The Malevolent Volume by Justin Phillip Reed
Devan Schnecker
The Malevolent Volume is a text that inhabits several registers. It is at turns quiet, a murmuration of starlings sweeping through, until that murmur turns into a gasping, screaming maw. “Volume,” in this case, refers not just to the physical volume of the text, but also to sound and how sound creeps in at the edges of your perception until it unceremoniously breaks through. In The Malevolent Volume, Justin Phillip Reed explores the horrors of white supremacy while reinscribing classic poetry and mythology. Each poem builds off the last, shaking loose the tenets of institutionalized racism and a society that exploits the oppressed.
In some ways, The Malevolent Volume builds from Reed’s earlier work, Indecency (2018), wherein he takes on white supremacy and examines masculinity, sexuality, exploitation, the prison industrial complex, and existing as a Black person in the abject failure of white America. In this new offering, however, Reed digs deeper, echoing the creeping, psychological horror of films like The Witch and Midsommar. He harnesses some classic literary topoi and responds directly to prominent poets such as Emily Dickinson and Sylvia Plath to peel back the veneer of structural racism.

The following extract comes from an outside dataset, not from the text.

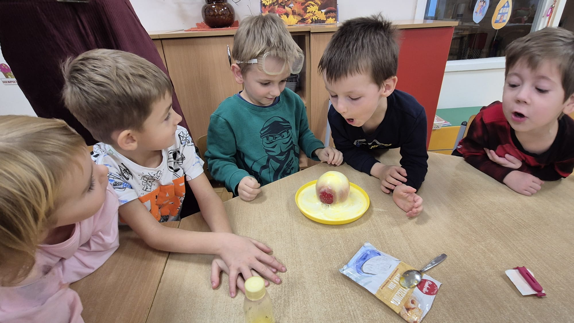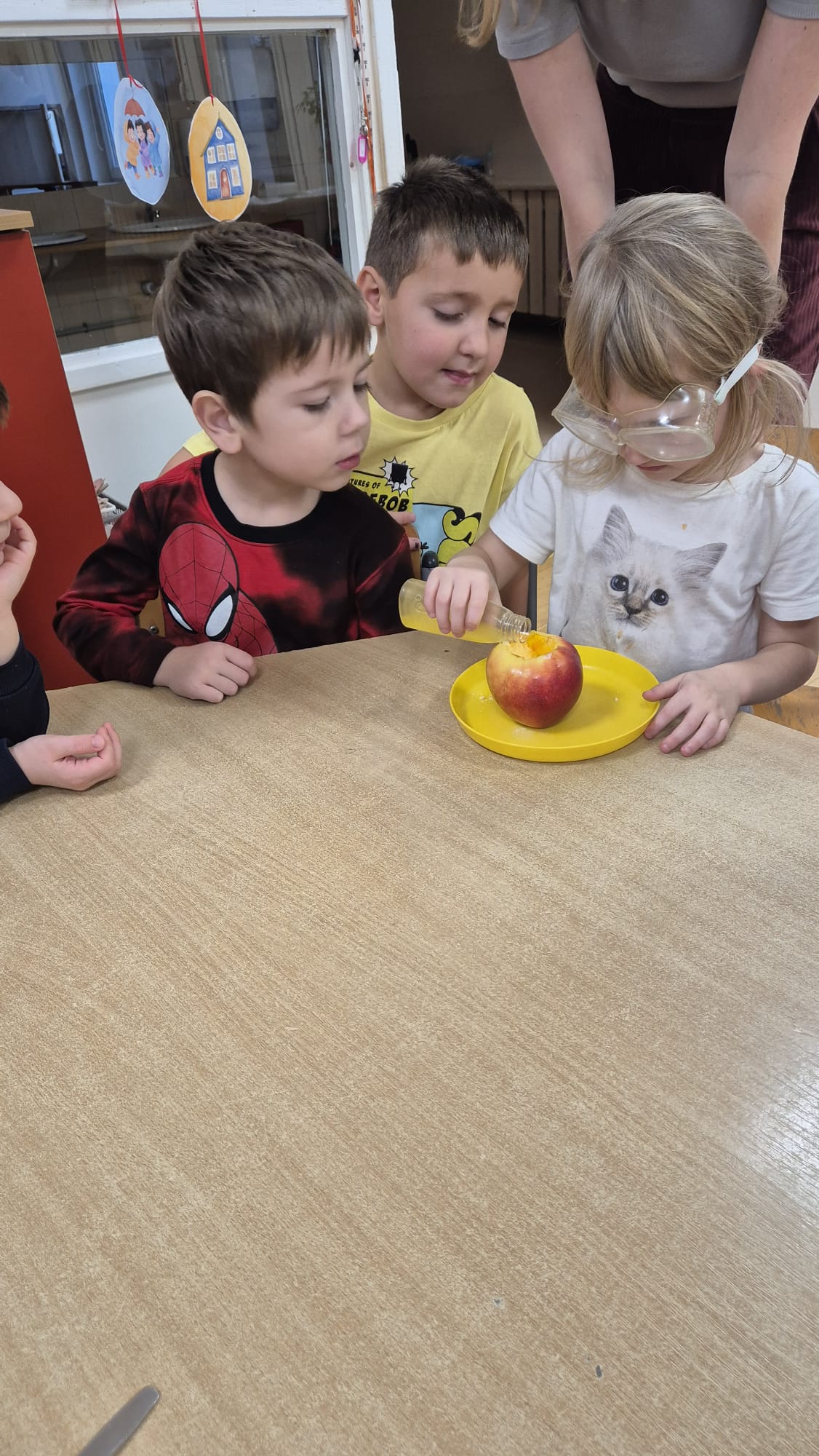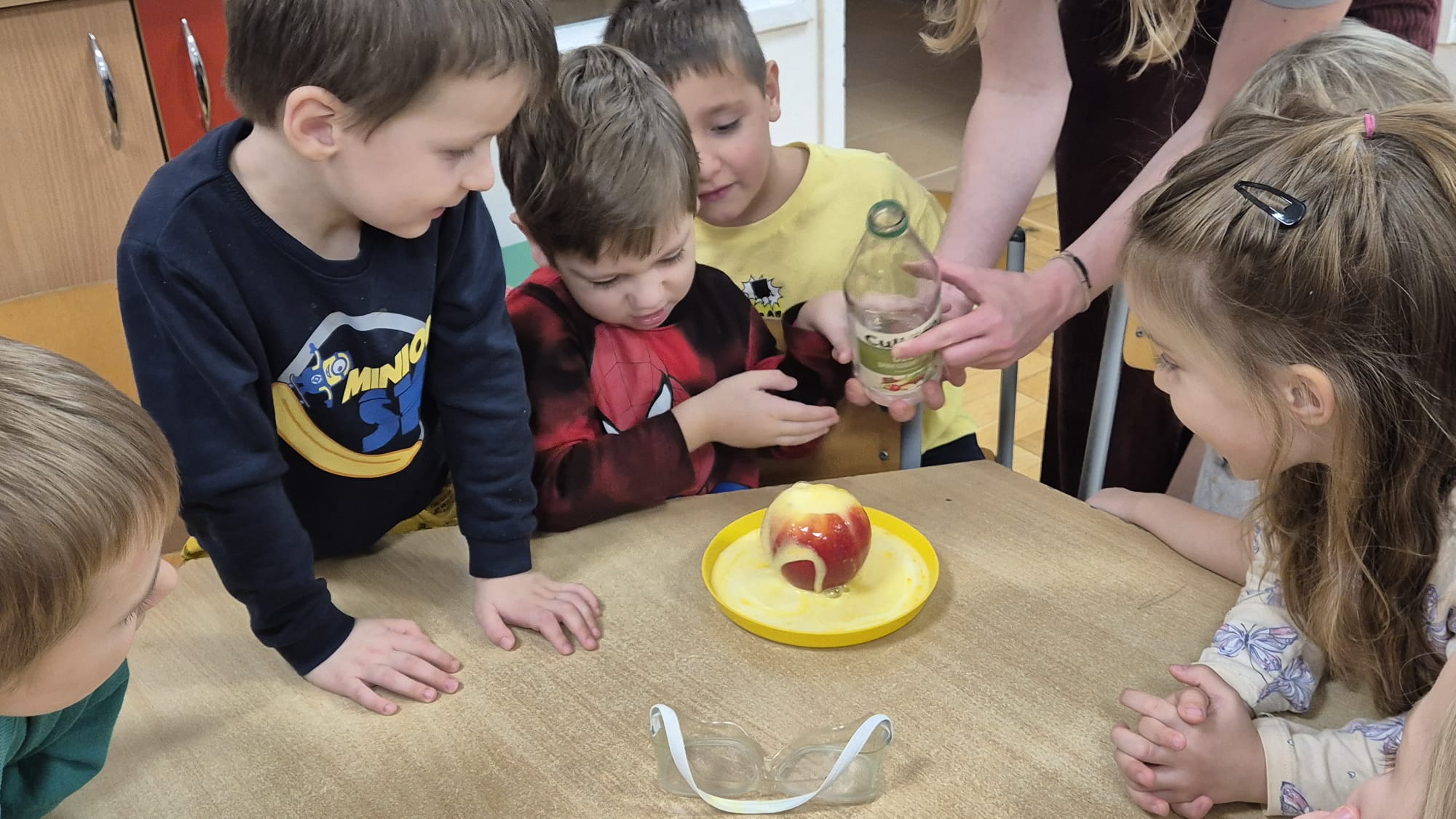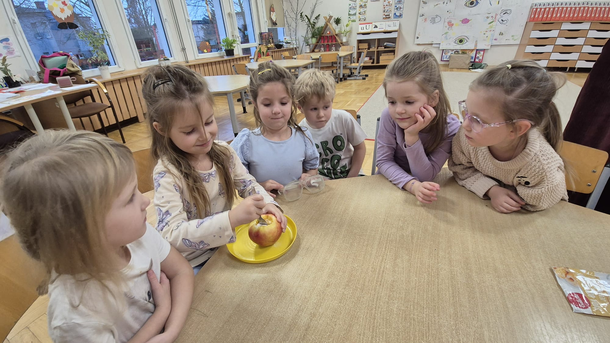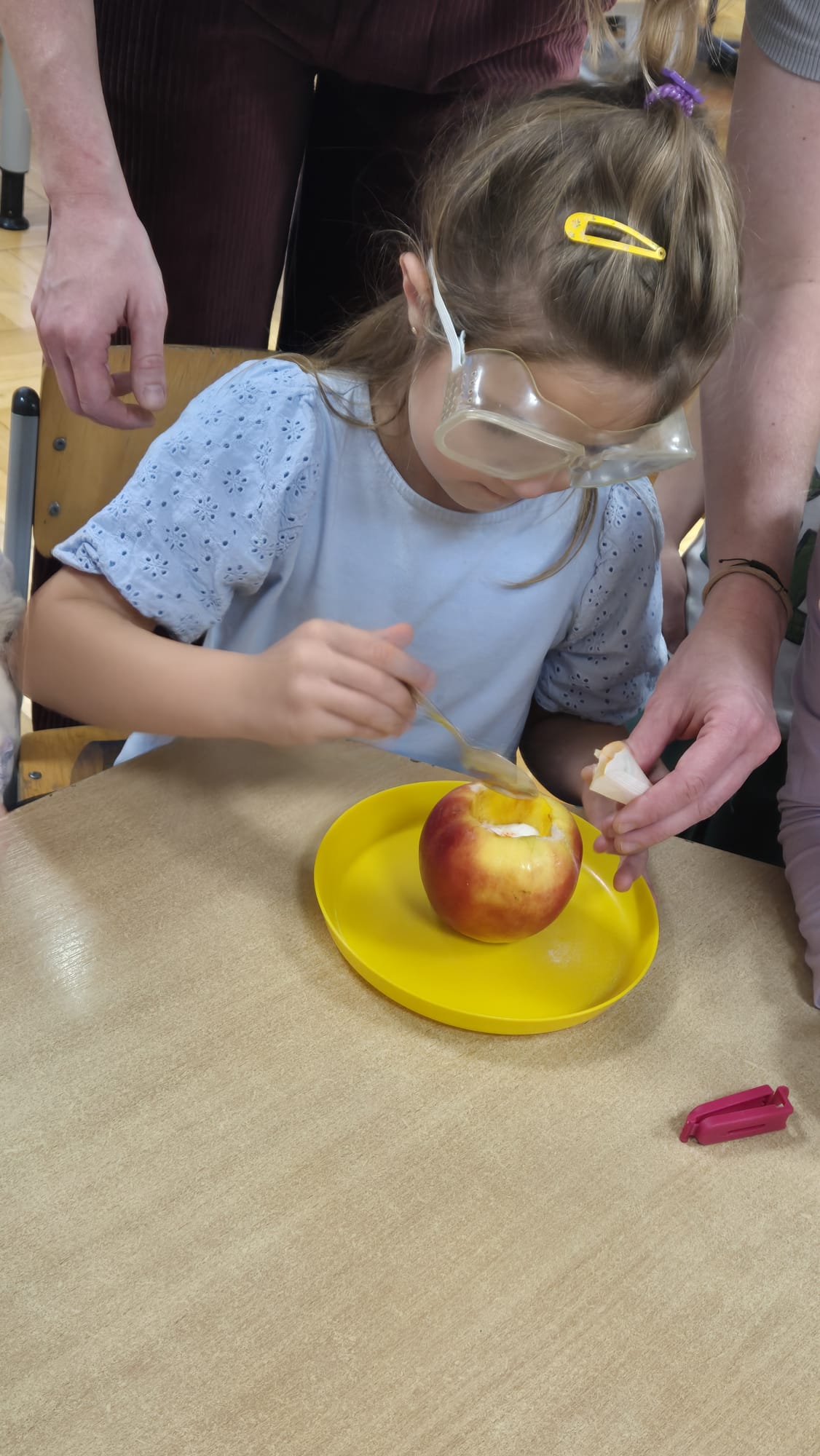 Rozmawiały o jesieni, o tym jak zmienia się przyroda i jak zwierzęta przygotowują się do zimy. Dzieci eksperymentowały z jabłkiem, sodą i octem. Wszystko doskonale się udało.

Reed’s references to classic poetry and mythology allow him to subvert traditional notions of what classic really means. The first allusion is to the Minotaur from Greek mythology, and curiously this is when the format of the book changes. Up until this point, the reader encounters a fairly standard black text on white page. The introduction of the Minotaur, however, literally flips this convention, and we read about a monstrous and sublime “shape most / unnerving, hulking starward, jacketed in alley walls, claws, / grill and grope, the twin glints that could be grief, hunger, / Venus, Lucifer . . .”. As readers will know, the Minotaur is part man and part bull, and he dwells in a labyrinth at the command (and mercy) of King Minos until Theseus comes along and kills him. Reed takes the Minotaur and breathes new life into him, imbuing him with a new subjectivity even as he collapses into the labyrinth, and the labyrinth collapses into blood, until the three are indistinguishable from each other and the once-familiar myth is completely unmoored from expectation.
In another reinscription of a familiar genre, Reed harnesses the solemn, rapturous nature of the aubade and twists it on itself. The aubade has its roots in Medieval literature and courtly love à la Geoffrey Chaucer and is typically a song or poem about lovers tenderly separating at dawn. However, Reed’s aubade makes an appearance with the subtitle “Apocalypse,” ruminating on current trajectory of humanity and who would have thought “[t]hat we’d splice / ourselves into a species built for this,” a species built upon the denigration of others. It is not so much the tender lamentation of two lovers upon separation, but rather the bitter appraisal of the status quo as society crumbles into a final entreaty of “Help us.”
Aesthetically and structurally, The Malevolent Volume mirrors its content. It switches between swathes of white pages to brief glimpses of black, until the black pages and white text take over for the last twenty pages of the text. The reader waits for a return of the white pages, but that does not happen. The poems become more experimental in structure and lengthen the closer we get to the end of the book. Reed employs a mix of prose poetry and rhyming poetry, with varying use of space on the page that prompts the reader to shift gears to take in the new form. The result is a reading experience that emphasizes pause and breath in a world filled with wildly vacillating sounds and sensations. Justin Phillip Reed’s The Malevolent Volume is a thorough, thoughtful, and deeply intimate book of poetry that urges the reader to stop for a moment and reflect on what is happening in society, and to pay attention to the murmurings and screams in equal measure.
DEVAN SCHNECKER is pursuing an MA in Literature, Media, and Culture with a focus on British Romanticism at Florida State University.